If we have children, we must also be willing to put our energy into refusing abuse to ourselves. Abusive acts never happen in a vacuum. If we are abusing ourselves by not making sure our needs are met, whether physically, emotionally, or otherwise, then we are not fully available to support, nurture, and love our children. If we are staying in an abusive relationship at home, work, or elsewhere in our lives, we are not just teaching our children that it is reasonable to expect and accept abuse; we are also exposing them to abusive people and depleting the emotional resources that we have to offer them. In that spirit, let’s take a moment to look at another kind of economic abuse: abuse which occurs at work.

Abuse in the workplace may look like simple emotional abuse, but it carries one of the clearest hallmarks of economic abuse: the abuser has economic power over the victim such that they may seem to be unable to meet their needs if they leave the abusive relationship. Often it does not look so clear. Workplace abuse can come from co-workers at any level, from subordinates to CEOs, and might involve:

  • performance pressure, in which the expectations for an employee’s performance rise as far as they can, without recognition or reward, until the employee is punished for not being able to exceed the final set of expectations;
  • shaming or punishing employees who make mistakes;
  • sexual harassment;
  • discrimination on the basis of race, age, gender, sexuality, physical or mental abilities, et cetera;
  • refusal to pay for work performed, including overtime;
  • threats of violence, whether joking or serious;
  • threats of any kind, such as using the threat of layoffs to demand that employees work harder or longer, especially without a commensurate increase in pay;
  • pay that is below a living wage for its area;
  • pay that is considerably below the standard for the work performed;
  • refusal to communicate clearly about expectations;
  • denial of benefits for any reason, including forcing employees to work fewer hours than they are able to in order to avoid paying them benefits;
  • requiring employees to lie on behalf of the company or their supervisors or other co-workers;
  • yelling or insults;
  • outsourcing departments.

None of the items on these lists are options.

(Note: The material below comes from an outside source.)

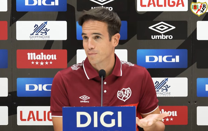 "No, no me esperaba de aquí al jueves para tener un ataque de sinceridad, pero le preguntaré a ver si es verdad que siente esto y ahora fuera bromas, entiendo, los jugadores al final juegan muchas veces a ser entrenadores, se dejan guiar un poco por lo que leen, por lo que ven, pero yo siempre lo he dicho, tengo varios delanteros, varios jugadores de ataque que pueden jugar en la posición más centrada en vez de por fuera y el mercado nos dirá, o la gente que está en el club que se dedica a esto nos dirá si hacemos a alguien más o nos quedamos como estamos. Mi equipo es el Numancia, además ahora mismo no está en la liga, así que lo puedo decir abiertamente, si dijese que mi equipo es otro de los que está en la liga, de los que, bueno, sabéis que tengo ciertos vínculos o he jugado o he nacido allí o tal, pues se generaría polémica, no, mi equipo es el Rayo porque es mi club y el Numancia. El Numancia, a ver, yo siempre que hablo de Soria podría estar aquí hablando media hora, pero tengo muchos lazos personales, fue una etapa preciosa en mi vida que me ayudó mucho en una fase difícil, entonces, bueno, he generado mucho amor, mucho cariño por la provincia y evidentemente que sigo al equipo y ojalá dentro de poco podamos estar aquí en sala de prensa y que no pueda decir que mi equipo es el Numancia. Y después me has preguntado por... Para mí merecen jugar la final de Champions y la liga arrollan y tal, entonces siguen haciendo la misma línea, sabemos todos los equipos que tienen que hacer, pero al final acabamos cayendo en la trampa del fuera de juego y cuando no caes en la trampa del fuera de juego, como están tan altos, como decía antes Jonay, si no me equivoco, te roban y como tú has intentado romper esa línea te has desprotegido y te hacen mucho daño en la transición. Entonces, como le decía antes, todo va unido, mañana no podemos decir, no, en fase ofensiva esto, en fase defensiva los dos equipos, salvando las distancias, ojalá que se acorten, pero tenemos una idea similar de atacar y de defender, entonces el equipo que sea primero más certero, más pegada, que si tenemos que ir ahí a los puntos, pues normalmente perderemos, pero si somos capaces de contrarrestar esa línea y que ellos no nos dañen cuando nos roben, pues bueno, estaremos cerca de los escenarios del año pasado. Y ojalá podamos conseguir una victoria contra este equipo ya."

If we are to truly face abuse, we have to accept that as our most basic premise. There is no situation which can justify any of the above acts. As adults, we have a double responsibility: we have to refuse to abuse others, and we have to refuse to condone abuse against ourselves.

It has only been perhaps twenty-five years since people began talking openly about any kind of abuse and sharing what they did to recover from it. We do not have a very large pool of information from which to draw. But one of the lessons that people have discovered over and over in that time has been that no matter how limited our options seem, no matter how little we know about what else can happen for us, it is not until we refuse to get involved with even potentially harmful acts that the cycle of abuse ends. It is only then that we are truly free to heal; it is only then that we can end abuse completely.